Exercise description: Repeat the following data exactly, omitting pictures.

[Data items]

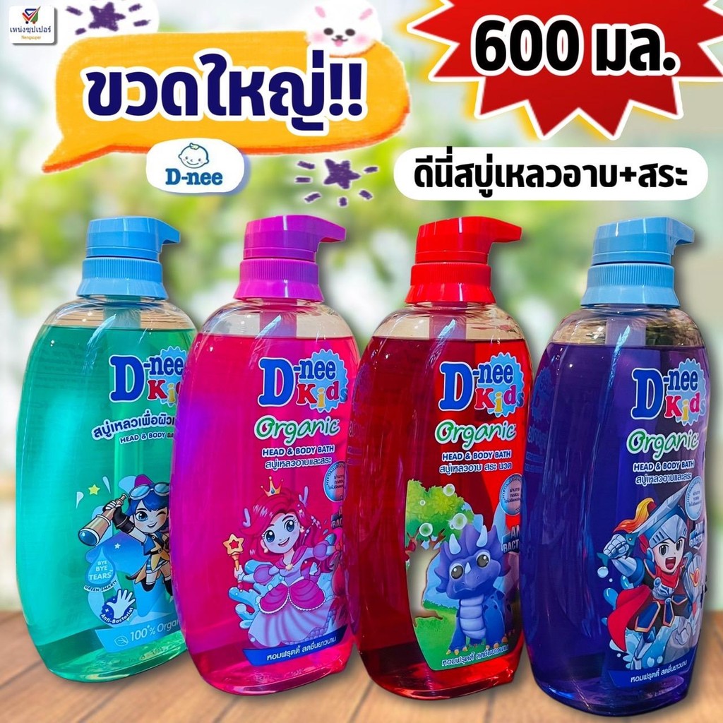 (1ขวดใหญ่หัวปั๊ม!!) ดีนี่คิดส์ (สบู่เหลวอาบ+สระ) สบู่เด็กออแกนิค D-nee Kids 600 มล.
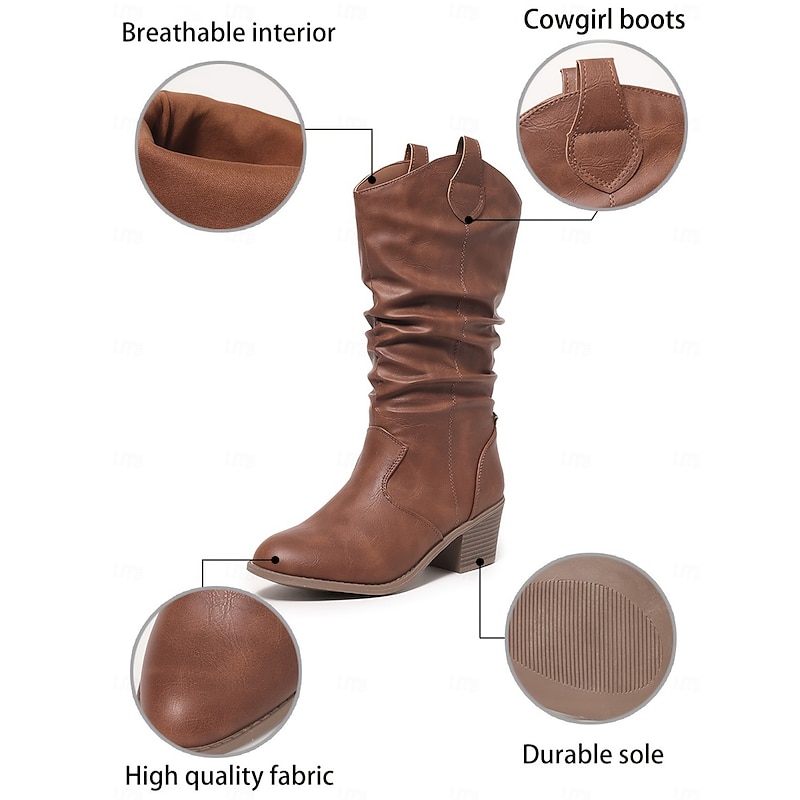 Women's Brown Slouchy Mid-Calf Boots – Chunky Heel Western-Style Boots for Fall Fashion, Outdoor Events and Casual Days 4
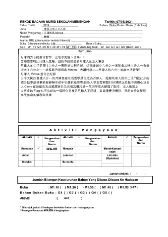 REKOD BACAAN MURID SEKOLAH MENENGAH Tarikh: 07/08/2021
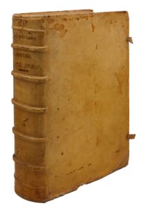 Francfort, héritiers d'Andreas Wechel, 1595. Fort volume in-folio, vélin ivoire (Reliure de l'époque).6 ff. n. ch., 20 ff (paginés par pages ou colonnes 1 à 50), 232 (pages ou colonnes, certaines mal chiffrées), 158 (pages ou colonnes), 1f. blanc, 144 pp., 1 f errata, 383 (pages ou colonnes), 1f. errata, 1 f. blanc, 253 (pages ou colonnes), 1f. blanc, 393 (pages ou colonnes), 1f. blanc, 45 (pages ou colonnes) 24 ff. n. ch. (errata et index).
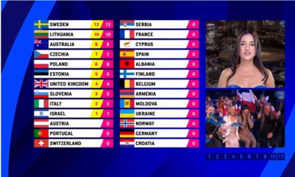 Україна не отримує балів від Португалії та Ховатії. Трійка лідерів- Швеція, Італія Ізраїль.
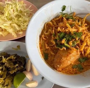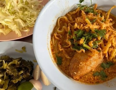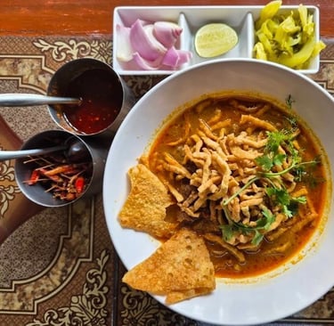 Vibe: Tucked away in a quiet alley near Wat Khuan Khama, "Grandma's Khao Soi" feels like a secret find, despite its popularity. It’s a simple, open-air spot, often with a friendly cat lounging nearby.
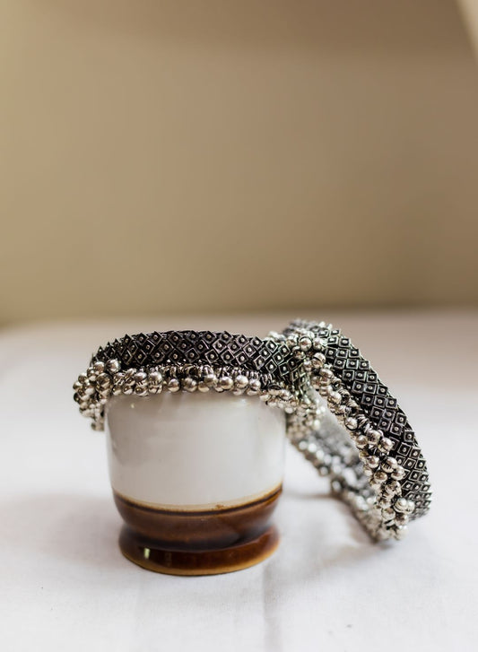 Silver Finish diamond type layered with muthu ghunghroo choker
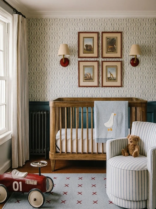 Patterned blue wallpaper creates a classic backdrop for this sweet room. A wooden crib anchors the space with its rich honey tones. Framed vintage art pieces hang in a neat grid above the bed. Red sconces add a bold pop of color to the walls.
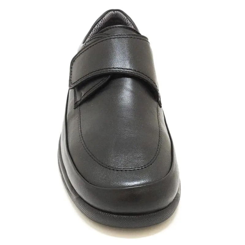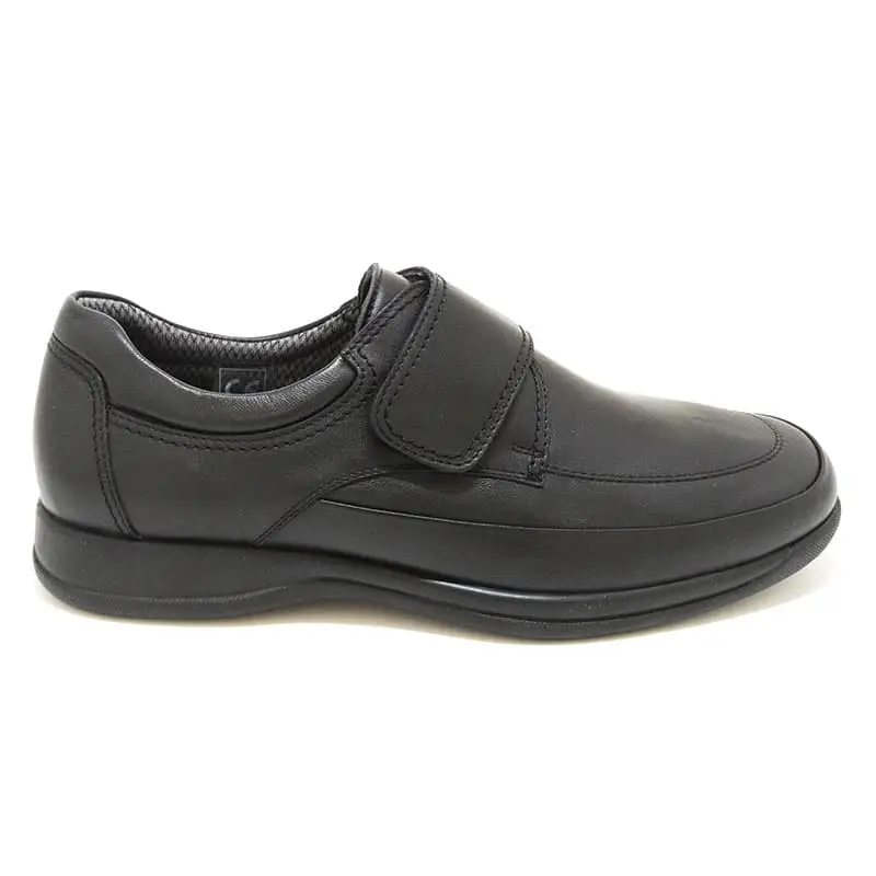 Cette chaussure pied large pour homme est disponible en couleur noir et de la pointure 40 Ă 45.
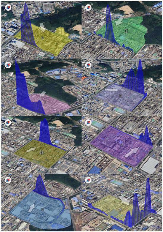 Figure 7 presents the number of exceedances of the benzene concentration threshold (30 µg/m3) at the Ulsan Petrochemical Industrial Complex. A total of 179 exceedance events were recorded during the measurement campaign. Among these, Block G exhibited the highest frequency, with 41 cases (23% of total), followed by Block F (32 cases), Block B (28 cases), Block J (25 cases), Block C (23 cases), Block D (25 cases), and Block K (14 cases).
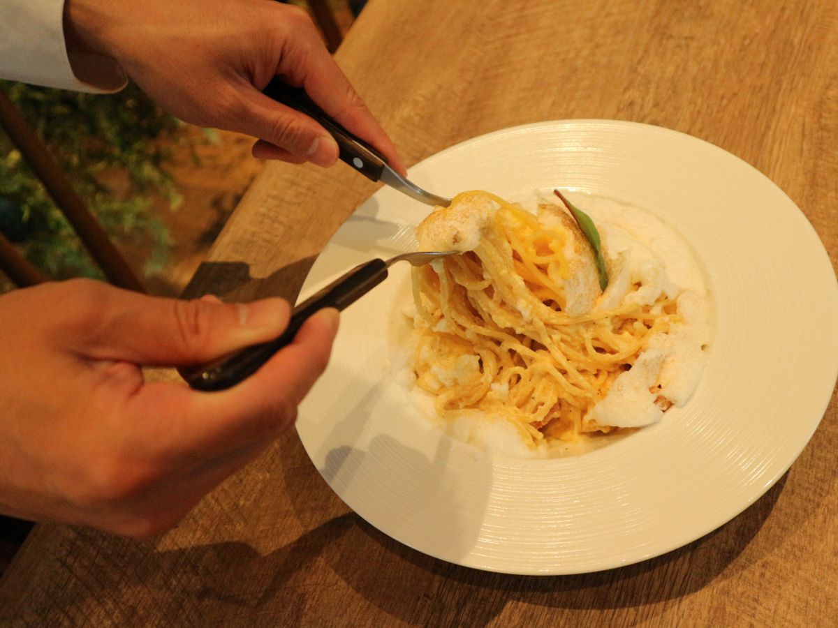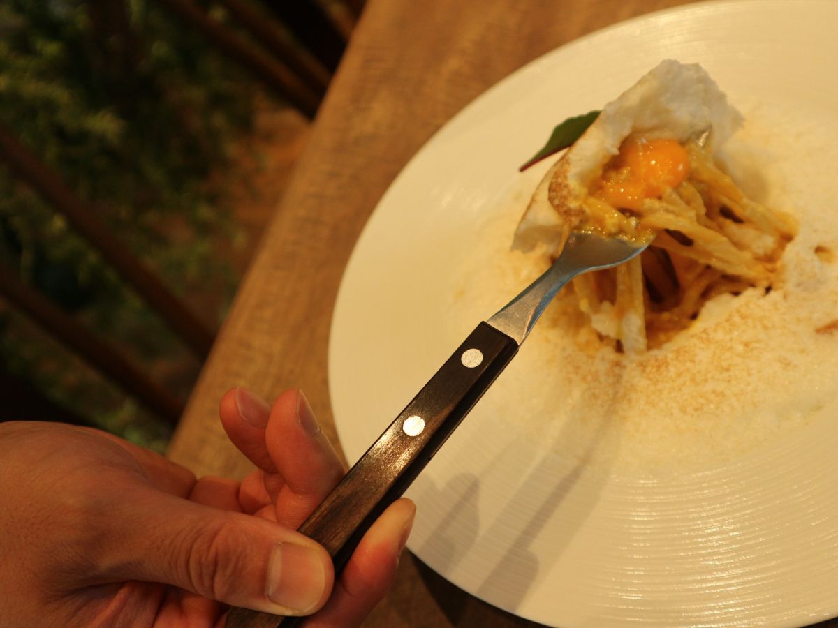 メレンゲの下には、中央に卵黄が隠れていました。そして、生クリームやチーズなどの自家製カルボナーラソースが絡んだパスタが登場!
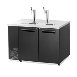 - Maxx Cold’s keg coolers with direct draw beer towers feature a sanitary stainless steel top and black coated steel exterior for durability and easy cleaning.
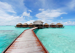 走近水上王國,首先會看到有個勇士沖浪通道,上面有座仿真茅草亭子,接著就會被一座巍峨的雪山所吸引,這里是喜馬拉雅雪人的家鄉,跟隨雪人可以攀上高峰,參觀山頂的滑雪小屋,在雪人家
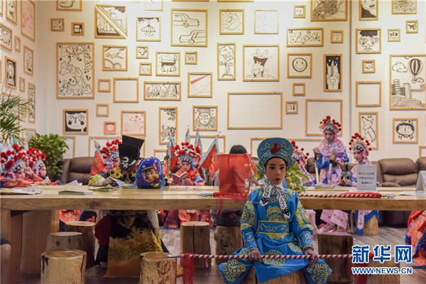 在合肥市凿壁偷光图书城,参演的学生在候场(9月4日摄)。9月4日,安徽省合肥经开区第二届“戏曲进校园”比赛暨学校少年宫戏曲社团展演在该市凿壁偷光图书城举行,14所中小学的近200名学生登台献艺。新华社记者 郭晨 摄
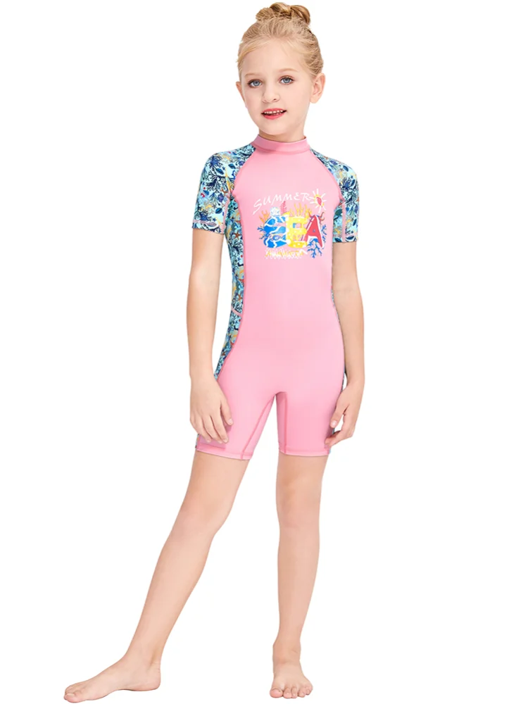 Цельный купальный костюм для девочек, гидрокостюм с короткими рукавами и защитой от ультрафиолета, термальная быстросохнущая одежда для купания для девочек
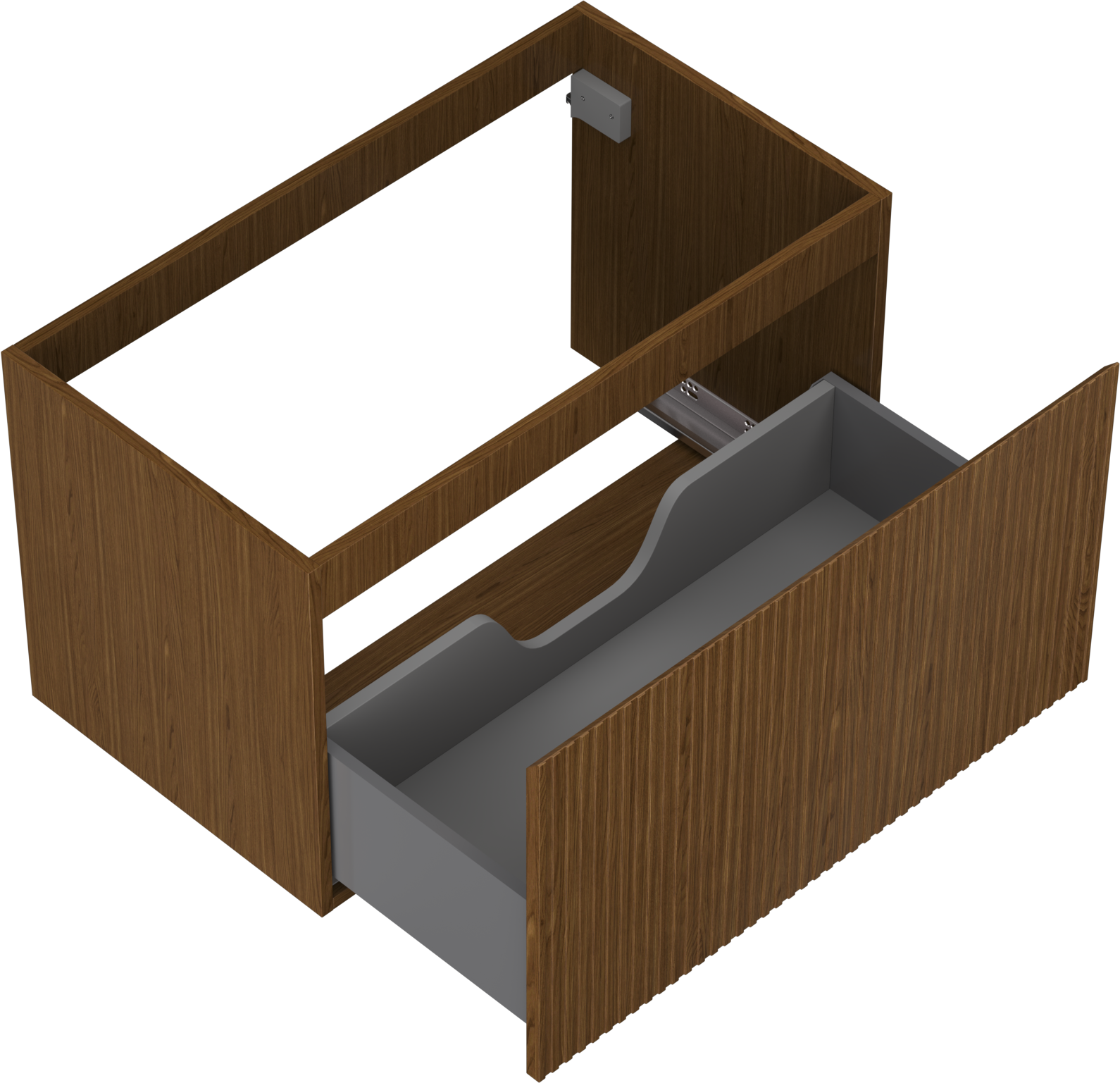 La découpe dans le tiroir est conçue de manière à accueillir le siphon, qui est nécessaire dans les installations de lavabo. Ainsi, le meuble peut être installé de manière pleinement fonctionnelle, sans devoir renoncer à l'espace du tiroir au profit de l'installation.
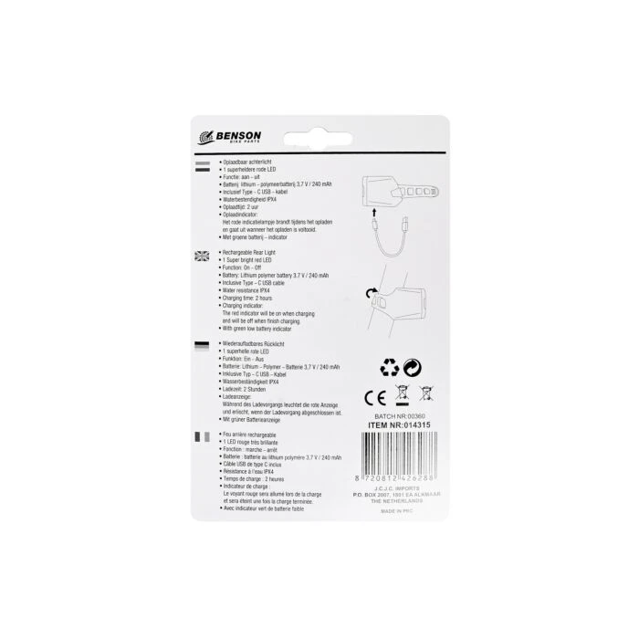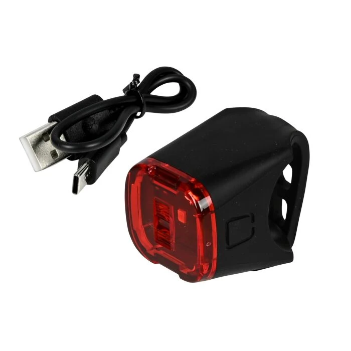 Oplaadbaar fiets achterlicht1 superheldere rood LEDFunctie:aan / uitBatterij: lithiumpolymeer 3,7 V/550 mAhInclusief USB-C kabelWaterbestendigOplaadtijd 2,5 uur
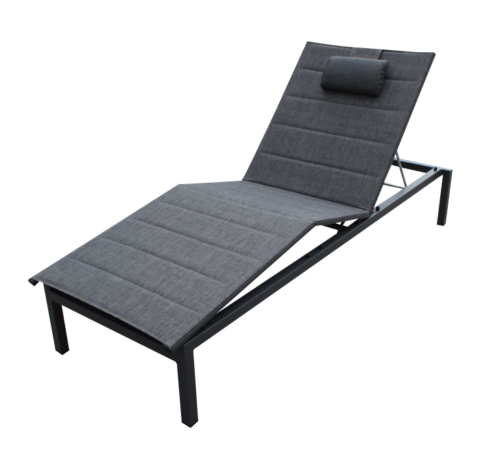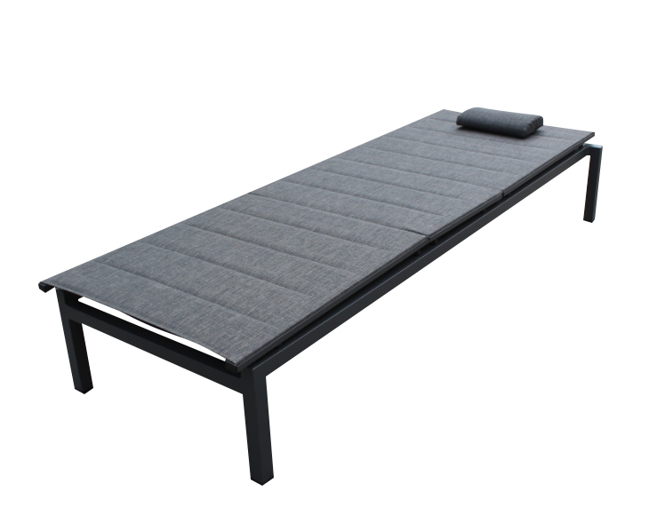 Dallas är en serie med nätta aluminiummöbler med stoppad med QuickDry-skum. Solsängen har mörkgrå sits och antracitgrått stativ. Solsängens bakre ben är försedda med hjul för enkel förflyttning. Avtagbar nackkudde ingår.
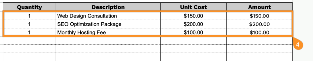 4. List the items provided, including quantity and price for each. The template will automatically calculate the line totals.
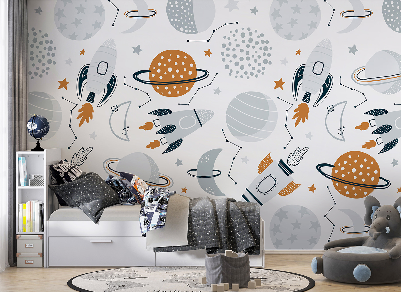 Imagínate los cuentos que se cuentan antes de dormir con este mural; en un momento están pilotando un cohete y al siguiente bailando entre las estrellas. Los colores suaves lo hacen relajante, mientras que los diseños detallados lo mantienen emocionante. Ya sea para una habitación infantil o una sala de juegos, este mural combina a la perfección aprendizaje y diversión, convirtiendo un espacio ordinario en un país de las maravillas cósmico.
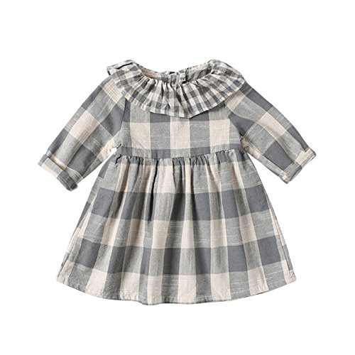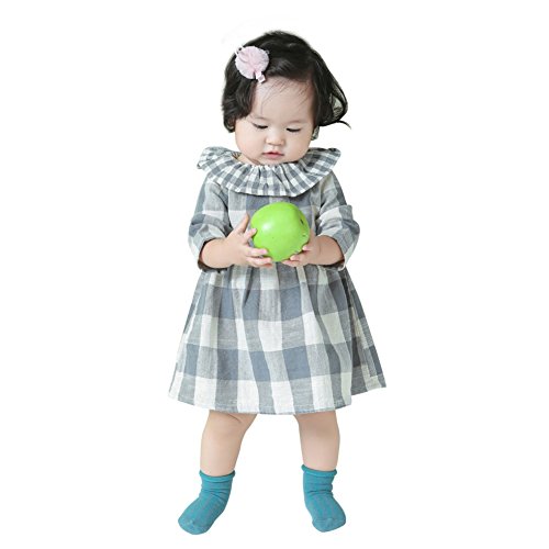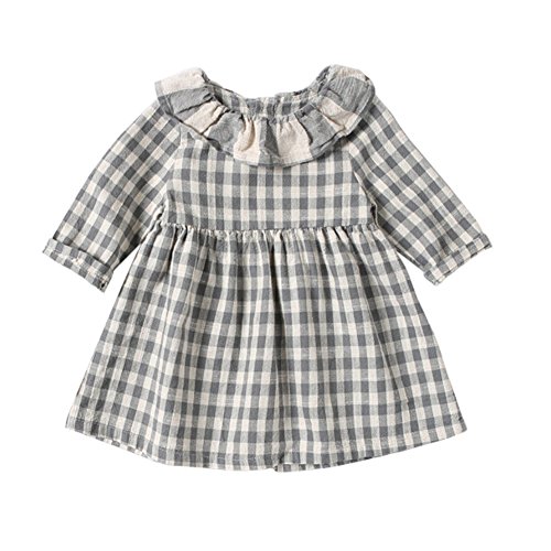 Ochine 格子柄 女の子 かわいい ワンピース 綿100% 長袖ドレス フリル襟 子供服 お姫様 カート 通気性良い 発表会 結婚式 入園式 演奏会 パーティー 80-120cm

Output for this exercise:
 (1ขวดใหญ่หัวปั๊ม!!) ดีนี่คิดส์ (สบู่เหลวอาบ+สระ) สบู่เด็กออแกนิค D-nee Kids 600 มล.
 Women's Brown Slouchy Mid-Calf Boots – Chunky Heel Western-Style Boots for Fall Fashion, Outdoor Events and Casual Days 4
 REKOD BACAAN MURID SEKOLAH MENENGAH Tarikh: 07/08/2021
 Francfort, héritiers d'Andreas Wechel, 1595. Fort volume in-folio, vélin ivoire (Reliure de l'époque).6 ff. n. ch., 20 ff (paginés par pages ou colonnes 1 à 50), 232 (pages ou colonnes, certaines mal chiffrées), 158 (pages ou colonnes), 1f. blanc, 144 pp., 1 f errata, 383 (pages ou colonnes), 1f. errata, 1 f. blanc, 253 (pages ou colonnes), 1f. blanc, 393 (pages ou colonnes), 1f. blanc, 45 (pages ou colonnes) 24 ff. n. ch. (errata et index).
 Україна не отримує балів від Португалії та Ховатії. Трійка лідерів- Швеція, Італія Ізраїль.
 Vibe: Tucked away in a quiet alley near Wat Khuan Khama, "Grandma's Khao Soi" feels like a secret find, despite its popularity. It’s a simple, open-air spot, often with a friendly cat lounging nearby.
 Silver Finish diamond type layered with muthu ghunghroo choker
 Patterned blue wallpaper creates a classic backdrop for this sweet room. A wooden crib anchors the space with its rich honey tones. Framed vintage art pieces hang in a neat grid above the bed. Red sconces add a bold pop of color to the walls.
 Cette chaussure pied large pour homme est disponible en couleur noir et de la pointure 40 Ă 45.
 Figure 7 presents the number of exceedances of the benzene concentration threshold (30 µg/m3) at the Ulsan Petrochemical Industrial Complex. A total of 179 exceedance events were recorded during the measurement campaign. Among these, Block G exhibited the highest frequency, with 41 cases (23% of total), followed by Block F (32 cases), Block B (28 cases), Block J (25 cases), Block C (23 cases), Block D (25 cases), and Block K (14 cases).
 メレンゲの下には、中央に卵黄が隠れていました。そして、生クリームやチーズなどの自家製カルボナーラソースが絡んだパスタが登場!
 - Maxx Cold’s keg coolers with direct draw beer towers feature a sanitary stainless steel top and black coated steel exterior for durability and easy cleaning.
 走近水上王國,首先會看到有個勇士沖浪通道,上面有座仿真茅草亭子,接著就會被一座巍峨的雪山所吸引,這里是喜馬拉雅雪人的家鄉,跟隨雪人可以攀上高峰,參觀山頂的滑雪小屋,在雪人家
 在合肥市凿壁偷光图书城,参演的学生在候场(9月4日摄)。9月4日,安徽省合肥经开区第二届“戏曲进校园”比赛暨学校少年宫戏曲社团展演在该市凿壁偷光图书城举行,14所中小学的近200名学生登台献艺。新华社记者 郭晨 摄
 Цельный купальный костюм для девочек, гидрокостюм с короткими рукавами и защитой от ультрафиолета, термальная быстросохнущая одежда для купания для девочек
 La découpe dans le tiroir est conçue de manière à accueillir le siphon, qui est nécessaire dans les installations de lavabo. Ainsi, le meuble peut être installé de manière pleinement fonctionnelle, sans devoir renoncer à l'espace du tiroir au profit de l'installation.
 Oplaadbaar fiets achterlicht1 superheldere rood LEDFunctie:aan / uitBatterij: lithiumpolymeer 3,7 V/550 mAhInclusief USB-C kabelWaterbestendigOplaadtijd 2,5 uur
 Dallas är en serie med nätta aluminiummöbler med stoppad med QuickDry-skum. Solsängen har mörkgrå sits och antracitgrått stativ. Solsängens bakre ben är försedda med hjul för enkel förflyttning. Avtagbar nackkudde ingår.
 4. List the items provided, including quantity and price for each. The template will automatically calculate the line totals.
 Imagínate los cuentos que se cuentan antes de dormir con este mural; en un momento están pilotando un cohete y al siguiente bailando entre las estrellas. Los colores suaves lo hacen relajante, mientras que los diseños detallados lo mantienen emocionante. Ya sea para una habitación infantil o una sala de juegos, este mural combina a la perfección aprendizaje y diversión, convirtiendo un espacio ordinario en un país de las maravillas cósmico.
 Ochine 格子柄 女の子 かわいい ワンピース 綿100% 長袖ドレス フリル襟 子供服 お姫様 カート 通気性良い 発表会 結婚式 入園式 演奏会 パーティー 80-120cm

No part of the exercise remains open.